In Which Someone Runs at One Time More Than I’ve Run in My Whole Life

We spent last week with my whole immediate family, which amounts to only six and a half people, in beautiful Chamonix, high in the French Alps. The occasion for this happy gathering was so that my brother could run the CCC, or Courmayeur Champex Chamonix, one of the races of the famous Ultra Trail du Mont Blanc. It’s 63 miles long, over two full marathons, but with 3.7 MILES of elevation change. In short, it would be an insane hike for a normal person to do in a week. Cat and I did what we do best to help him prepare for this insane endeavor: we cooked lots of good food. Stir fry, Greek salad, pasta with my dad’s famous meat sauce, tartiflette, a local dish of potatoes and ridiculous amounts of melted cheese, and copious amounts of wine to wash it all down. The wine part was less of a race preparation measure and more of a sanity keeping measure in having 3 generations cooped up in a small house for a week.

Badass Rowan

Rowan, the half person, is my awesome 1 year old nephew. He loved all the attention afforded by lots of family and limited space, and especially loved us making funny faces at him and feeding him things we weren’t supposed to. He obviously pulled these glasses off nanoseconds after this picture was taken.

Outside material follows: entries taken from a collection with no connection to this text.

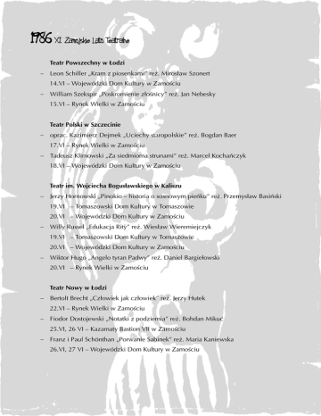 1986 XI Zamojskie Lato Teatralne Teatr Powszechny w Łodzi − Leon Schiller „Kram z piosenkami” reż. Mirosław Szonert 14.VI – Wojewódzki Dom Kultury w Zamościu − William Szekspir „Poskromienie złośnicy” reż. Jan Nebesky 15.VI – Rynek Wielki w Zamościu Teatr Polski w Szczecinie − oprac. Kazimierz Dejmek „Uciechy staropolskie” reż. Bogdan Baer 17.VI – Rynek Wielki w Zamościu − Tadeusz Klimowski „Za siedmioma strunami” reż. Marcel Kochańczyk 18.VI – Wojewódzki Dom Kultury w Zamościu Teatr im. Wojciecha Bogusławskiego w Kaliszu − Jerzy Hornowski „Pinokio – historia o sosnowym pieńku” reż. Przemysław Basiński 19.VI – Tomaszowski Dom Kultury w Tomaszowie 20.VI – Wojewódzki Dom Kultury w Zamościu − Willy Russel „Edukacja Rity” reż. Wiesław Wieremiejczyk 19.VI – Tomaszowski Dom Kultury w Tomaszowie 20.VI – Wojewódzki Dom Kultury w Zamościu − Wiktor Hugo „Angelo tyran Padwy” reż. Daniel Bargiełowski 20.VI – Rynek Wielki w Zamościu Teatr Nowy w Łodzi − Bertolt Brecht „Człowiek jak człowiek” reż. Jerzy Hutek 22.VI – Rynek Wielki w Zamościu − Fiodor Dostojewski „Notatki z podziemia” reż. Bohdan Mikuć 25.VI, 26 VI – Kazamaty Bastion VII w Zamościu − Franz i Paul Schönthan „Porwanie Sabinek” reż. Maria Kaniewska 26.VI, 27 VI – Wojewódzki Dom Kultury w Zamościu Teatr Polski w Warszawie − Mikołaj Rej „Żywot Józefa” reż. Kazimierz Dejmek 24.VI – Rynek Wielki w Zamościu − Sławomir Mrożek „Letni dzień” reż. Kazimierz Dejmek 25.VI – Wojewódzki Dom Kultury w Zamościu Teatr Popularny w Warszawie − Roman Brandstaetter „Król i aktor” reż. Andrzej Ziębiński 29.VI – Wojewódzki Dom Kultury w Zamościu 30.VI – Tomaszowski Dom Kultury w Tomaszowie Teatr im. Juliusza Osterwy w Lublinie − Stanisław Tym „Okręt” reż. Andrzej Rozhin 30.VI – Rynek Wielki w Zamościu − wg Kornela Makuszyńskiego „O dwóch takich co ukradli księżyc” reż. Bogusława Czosnowska 1.VII – Wojewódzki Dom Kultury w Zamościu Teatr Stu w Krakowie − Henryk Jachimowski „Makijaż” reż. Krzysztof Jasiński 3.VII, 4.VII – Stare Miasto w Zamościu Teatr Adekwatny w Warszawie − wg Czesława Miłosza „Traktat moralny” reż. Henryk Boukołowski 5.VII – Wojewódzki Dom Kultury w Zamościu 7.VII – Biłgorajski Dom Kultury w Biłgoraju 6.VII – Hrubieszowski Dom Kultury w Hrubieszowie 5.VII – Tomaszowski Dom Kultury w Tomaszowie 7.VII – Gminny Ośrodek Kultury w Tarnogrodzie 6.VII – Gminny Ośrodek Kultury w Werbkowicach Teatr Stara Prochownia w Warszawie „Rzecz o Witkacym” reż. Wojciech Siemion 2 VII – Wojewódzki Dom Kultury w Zamościu 3 VII – Gminny Ośrodek Kultury w Krasnobrodzie 4 VII – Biłgorajski Dom Kultury w Biłgoraju 5 VII – Gminny Ośrodek Kultury w Tarnogrodzie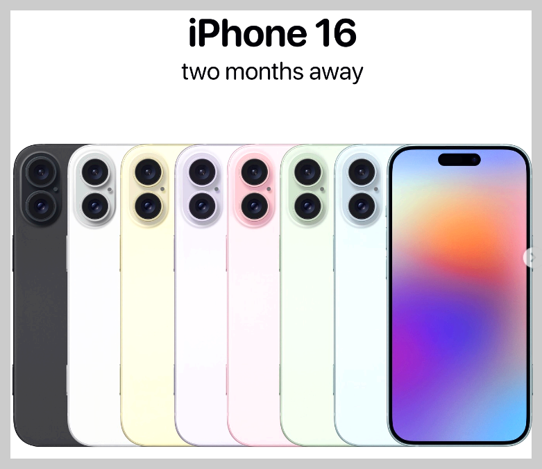 아이폰 16의 색상은 블랙, 화이트, 블루, 그린, 핑크, 옐로우, 퍼플로 총 7가지 색상이 제공될 예정입니다.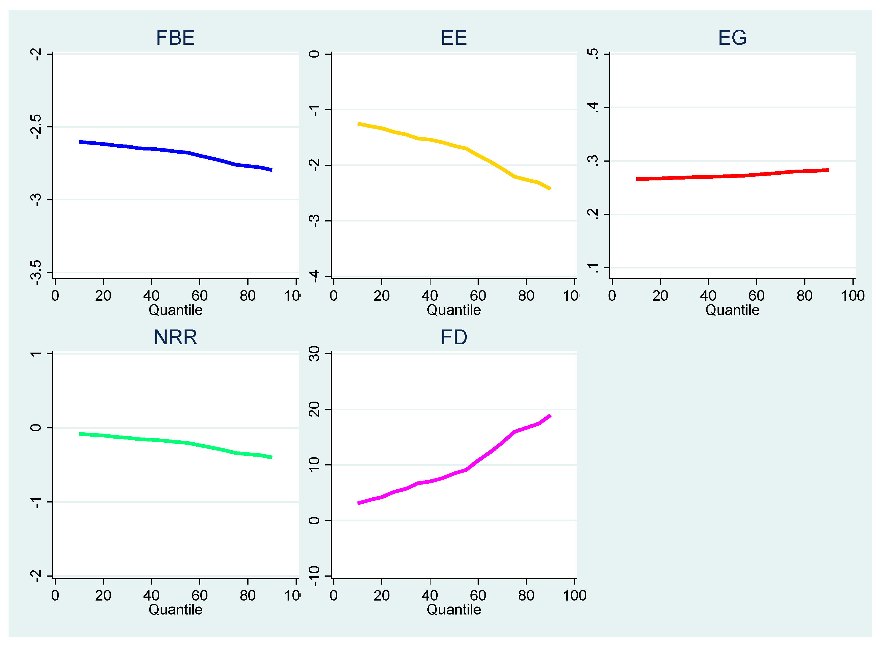 2 across 0.10 to 0.90 quantiles. The findings reveal that the coefficient of FBE is negative and highly significant at all quantiles, indicating that an increase in forest bioenergy is associated with a reduction in the dependent variable across the entire distribution. However, the magnitude of the negative effect becomes slightly stronger at higher quantiles. This pattern implies that the mitigating role of forest bioenergy intensifies as the level of the dependent variable increases, highlighting its stable contribution to emission reduction outcomes. Similarly, EE exhibits a strong and statistically significant negative effect on CO

On the day of the race, we woke up early and drove Chris through the 7 mile long Mont Blanc Tunnel, to Courmayeur, a town on the Italian side of the mountain. We sat in a small café and drank coffee to the amplified sounds of annoying hype men in 3 languages and bad techno music, and cheered Chris on as he attempted to empty his bowels before the race. cccalex---5- The race had 1900 participants leaving in 3 waves, Chris being placed in the first wave as he’d been included in the prestigious list of “favorites”. After three national anthems and a warning that the weather might be really shitty, they were off at a faster pace than I run my 2 mile jogs at. We cheered him on and then made our way home to reload the tracking website all day long. While we relaxed, he ran, and ran, and took some cool pictures, and ran some more:

He seems to be taking it well.

He seems to be taking it well.

A rest stop high in the mountains.

A rest stop high in the mountains.

A poor soul had to be rescued by helicopter.

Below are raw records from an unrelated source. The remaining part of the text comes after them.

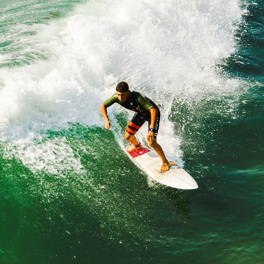 La fuerza de propulsión se crea por la acción de las aletas. Por la tercera ley de Newton (acción y reacción), la fuerza que el buzo ejerce sobre el agua con las aletas hacia atrás genera una fuerza de propulsión hacia delante, en este caso hacia la derecha, que es la dirección en la que el buzo se mueve. Para que se produzca el movimiento, la fuerza de propulsión debe ser mayor que la fuerza de rozamiento.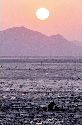 日暮时分,一轮火球投向远山的怀抱,劳作了一天的讨海人推着满载的“滑板车”归去。讨海,寓意“向海讨生活”,先民们畏惧海之神威,但为生活所迫不得不靠海吃海。今天,这些讨海人依然早出晚归,辛辛苦苦只为维持生计。照片中红日、滩涂与讨海归来的渔民,在此刻组成了一幅美丽的讨海归来的画面。
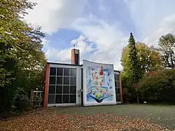 Der Eingang der Kirche liegt hinter einem Wandbild des Großhansdorfer Künstlers Siegfried Assmann Himmlisches Jerusalem (1998/1999). Dieses Motiv stammt aus der Offenbarung des Johannes und soll einen Zugang zum Heiligen Geist eröffnen. Zwölf nach außen offene Tore führen in die Stadt, wo Rot dominiert als Farbe der Liebe und des Zeugnisses des auferstandenen Christus. Hier gelangt der Mensch an das Ziel seines Lebens, in ihren Mauern ist er geborgen unter der Taube als Symbol für Frieden. Der Regenbogen, der sich über die Weltkugel spannt, zeigt die Treue Gottes. Der blaue Untergrund verweist auf das Wasser der Taufe. Feuerzungen gehen von der Stadt aus und bewegen sich auf die Welt zu. Es sind die Gaben des Heiligen Geistes: die Gabe der Weisheit, der Einsicht, des Rates, der Erkenntnis und der Stärke, der Frömmigkeit und der Gottesfurcht.[4] Auffälligerweise wird die Kirche so nicht durch große Doppeltüren betreten, sondern durch zwei kleinere Türen, rechts und links hinter dem Wandbild.

A poor soul had to be rescued by helicopter.

We electronically followed him do the most grueling thing of his life from a couch, eating a nice lunch, relaxing, and taking copious naps. He hovered around 80th place, making headway on the uphills and falling back on the downhills. He told me after the race that “Those fucking euros are fucking crazy on the downhills!” which was funny because I thought everyone participating was fucking crazy regardless of nationality, including my dear brother. In the evening we prepared a picnic and camped out to meet him at two of the later checkpoints that were accessible by road.

Chris was happy to see me, but especially Rowan, who's on my back at this point.

Chris was happy to see me, but especially Rowan, who’s on my back at this point.

We met Chris and gave him some snacks, cheered him on, and drove to the next point we could meet him at, when the weather turned horrible. Dark, rainy, and in the clouds, he approached the last few hills.

Beautiful views of the weather going south.

Beautiful views of the weather going south.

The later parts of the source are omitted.